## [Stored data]
§ §

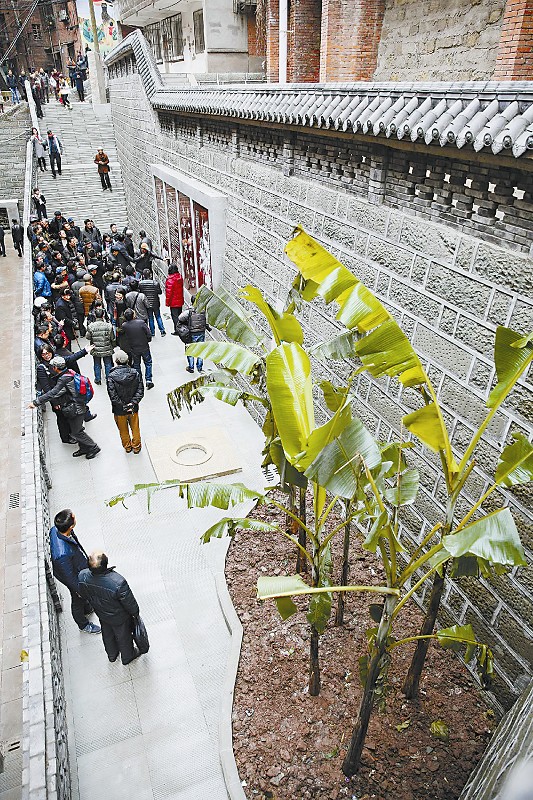 近日,国画大师张大千出生地原址地标在其家乡内江市正式亮相。1月8日,内江市民在刚竣工的张大千出生地原址地标前参观。兰自涛 摄(视觉四川)
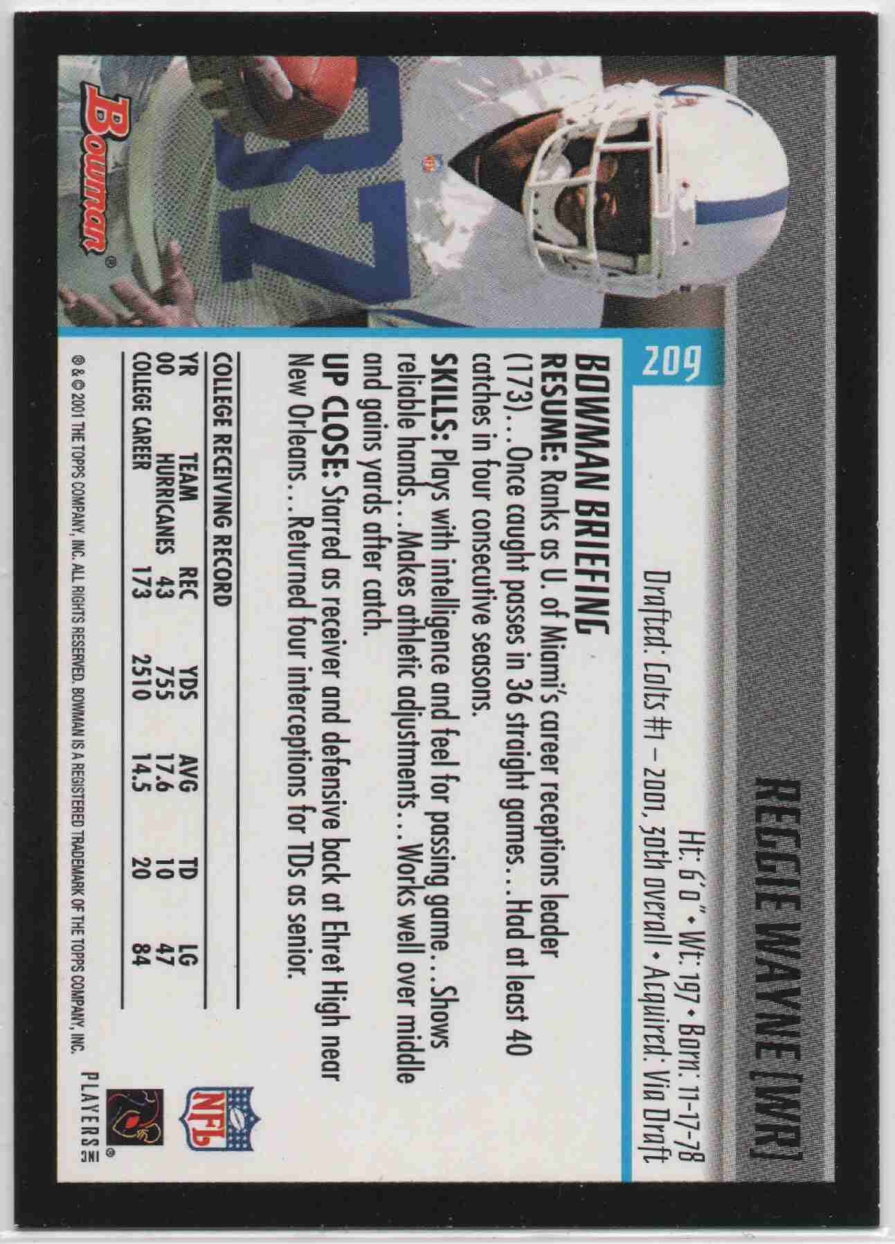 Reggie Wayne 2001 Bowman #209 Gold Parallel Rookie SP
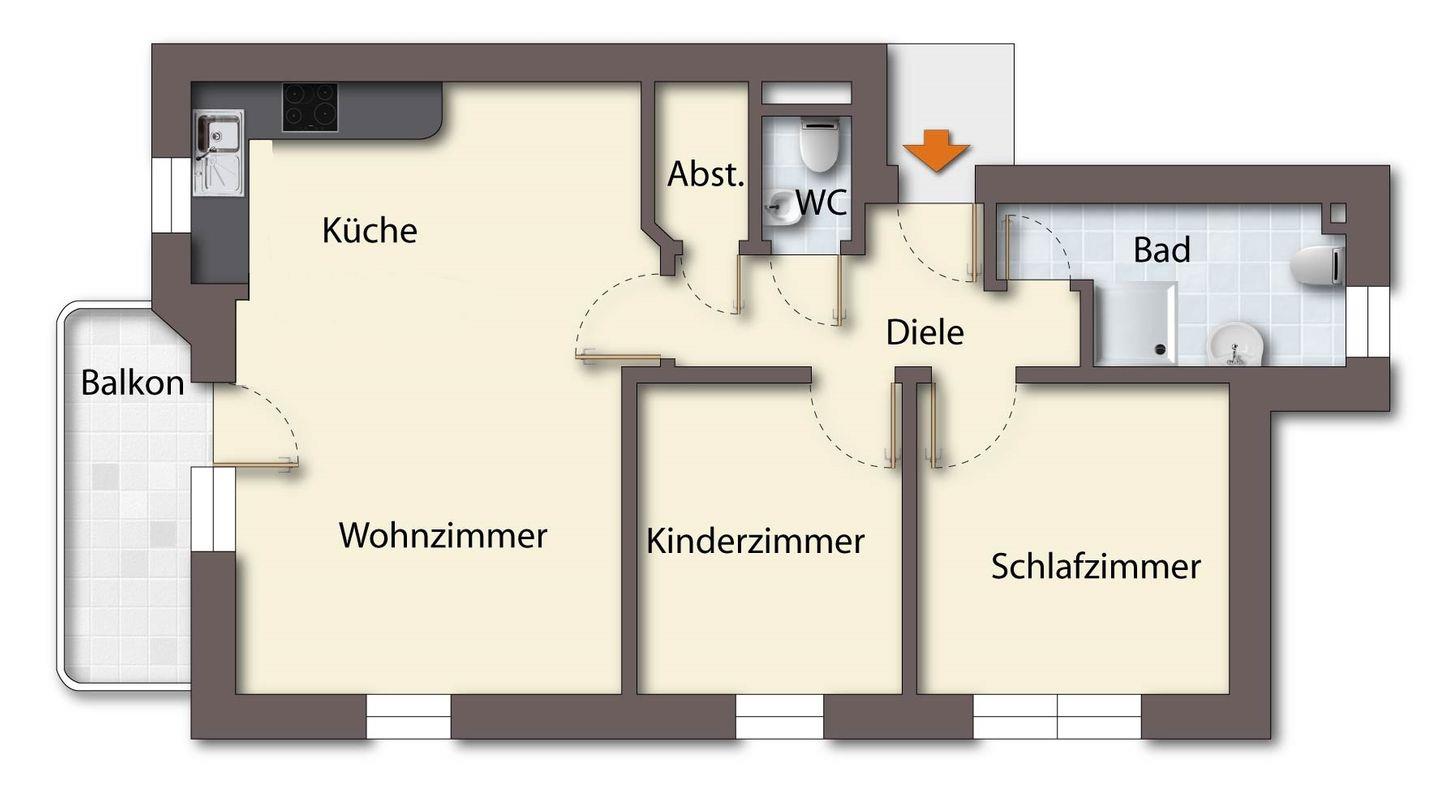 Im großzügigen Wohn- und Essbereich können Sie gemeinsam Zeit verbringen und sich entspannen. Die im Wohnbereich integrierte, voll ausgestattete Küche lässt keine Wünsche offen und bietet alles, was Sie für die Zubereitung von Mahlzeiten benötigen. Ein modernes Duschbad mit WC sorgt für zusätzlichen Komfort, und ein separates Gäste-WC ist ebenfalls vorhanden.
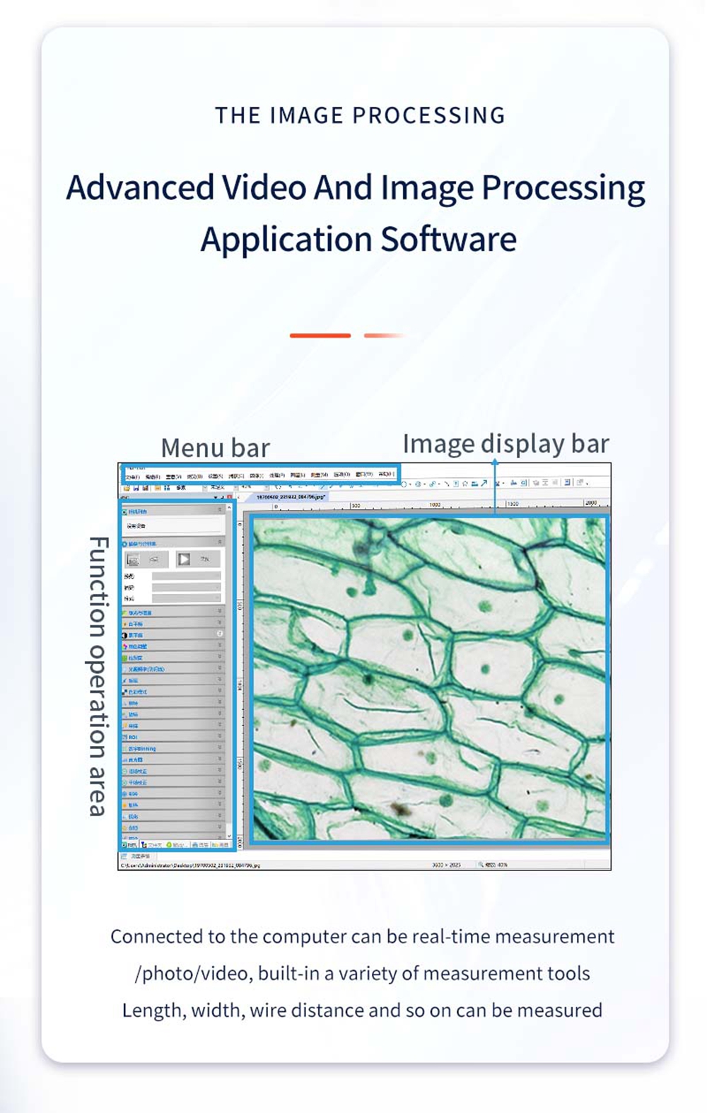 - Eyepiece interface (adapter), designed for the microscope. The under mouth is the 23.2mm, 30mm and 30.5mm straight inserted, can be installed directly in the biological or stereo eyepiece camera. Catches still images and live video on your computer. The user-friendly software for Windows offers advanced features including Stitching, EDF (Extended Depth of Focus) and video recording. Live video and still image catch can be set in different resolutions simultaneously.
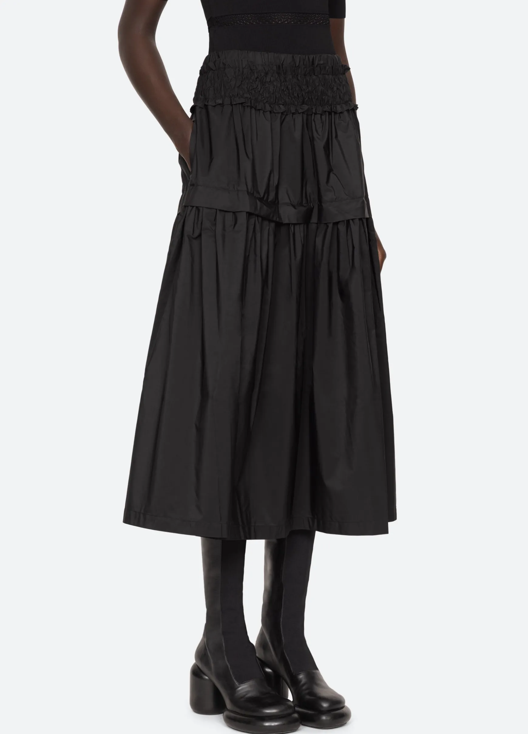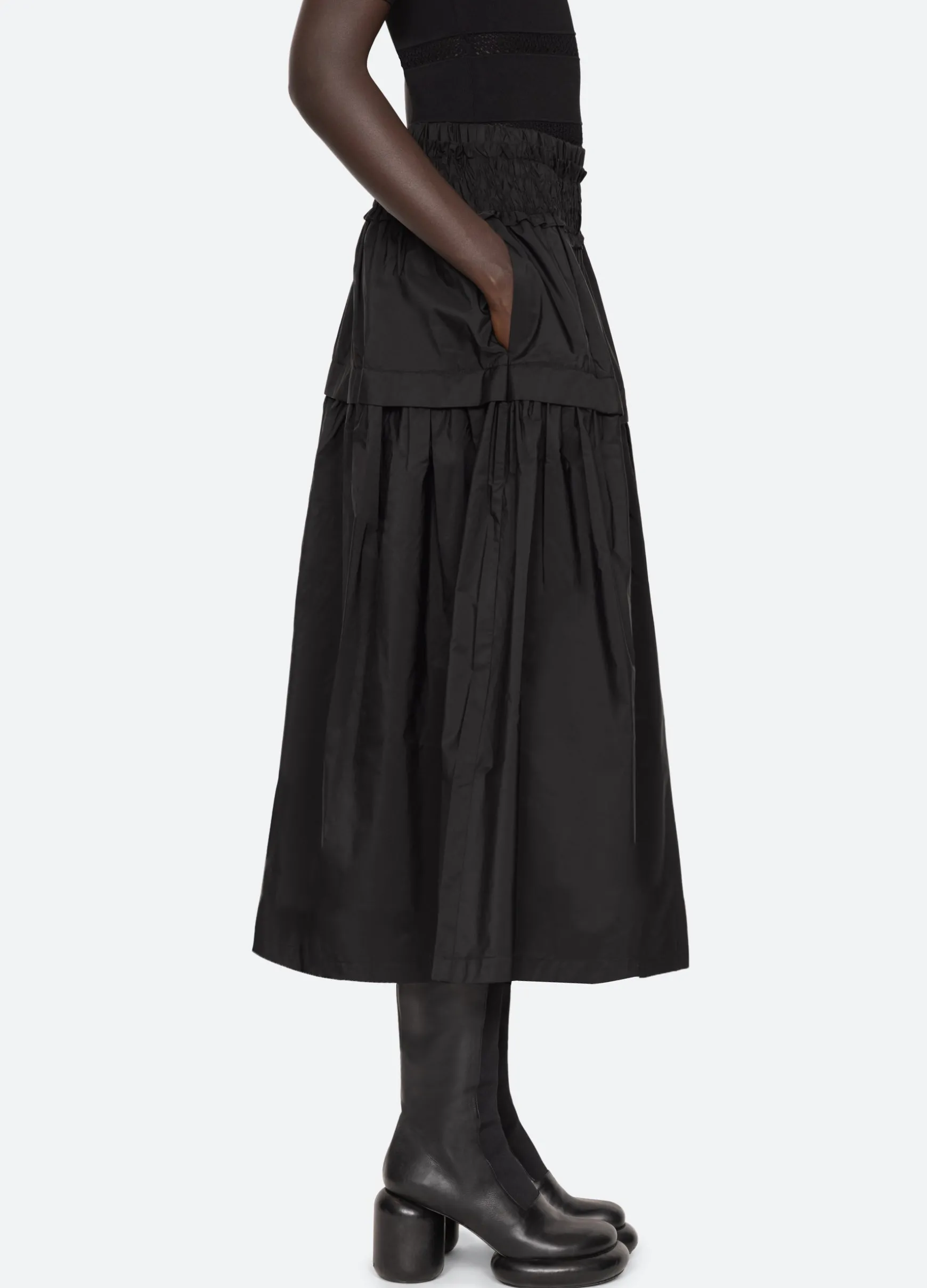 The Belen taffeta skirt features a smocked waistband and midi silhouette.
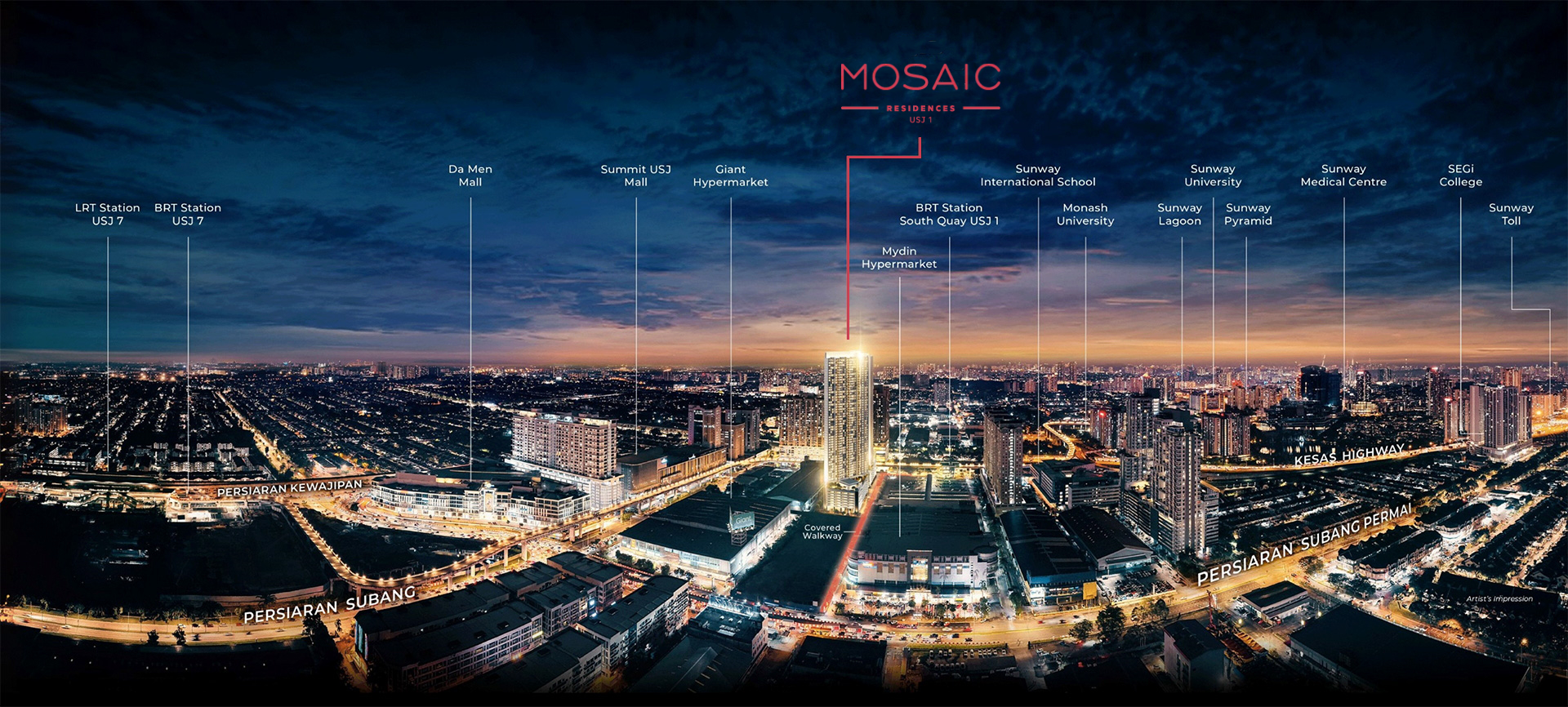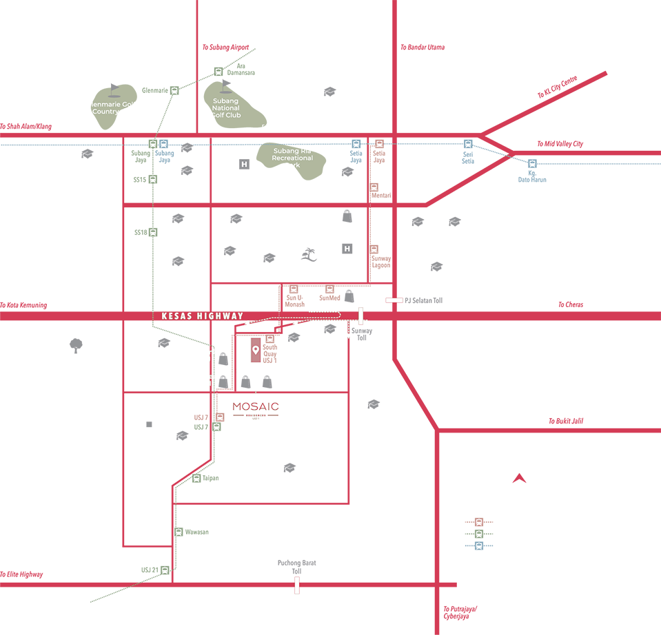 Easy access to major highways, including LDP, NKVE, Federal Highway, ELITE and KESAS
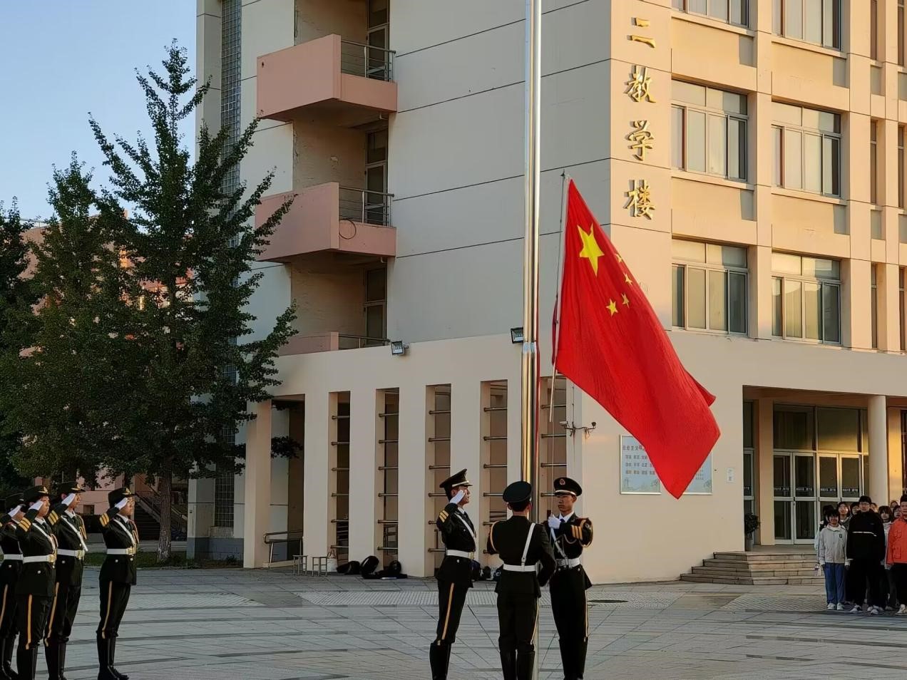 升旗仪式由张瀚同学主持。伴随着中华人民共和国国歌的奏响,五星红旗冉冉升起,在阳光下迎风飘扬。心中所向皆为华夏山河,全体师生肃立,向着国旗行注目礼,齐声高唱中华人民共和国国歌。

§ §

## [Assignment]
Every line above goes into the copy unchanged; the pictures do not.

## [Solution below]
 近日,国画大师张大千出生地原址地标在其家乡内江市正式亮相。1月8日,内江市民在刚竣工的张大千出生地原址地标前参观。兰自涛 摄(视觉四川)
 Reggie Wayne 2001 Bowman #209 Gold Parallel Rookie SP
 Im großzügigen Wohn- und Essbereich können Sie gemeinsam Zeit verbringen und sich entspannen. Die im Wohnbereich integrierte, voll ausgestattete Küche lässt keine Wünsche offen und bietet alles, was Sie für die Zubereitung von Mahlzeiten benötigen. Ein modernes Duschbad mit WC sorgt für zusätzlichen Komfort, und ein separates Gäste-WC ist ebenfalls vorhanden.
 - Eyepiece interface (adapter), designed for the microscope. The under mouth is the 23.2mm, 30mm and 30.5mm straight inserted, can be installed directly in the biological or stereo eyepiece camera. Catches still images and live video on your computer. The user-friendly software for Windows offers advanced features including Stitching, EDF (Extended Depth of Focus) and video recording. Live video and still image catch can be set in different resolutions simultaneously.
 The Belen taffeta skirt features a smocked waistband and midi silhouette.
 Easy access to major highways, including LDP, NKVE, Federal Highway, ELITE and KESAS
 升旗仪式由张瀚同学主持。伴随着中华人民共和国国歌的奏响,五星红旗冉冉升起,在阳光下迎风飘扬。心中所向皆为华夏山河,全体师生肃立,向着国旗行注目礼,齐声高唱中华人民共和国国歌。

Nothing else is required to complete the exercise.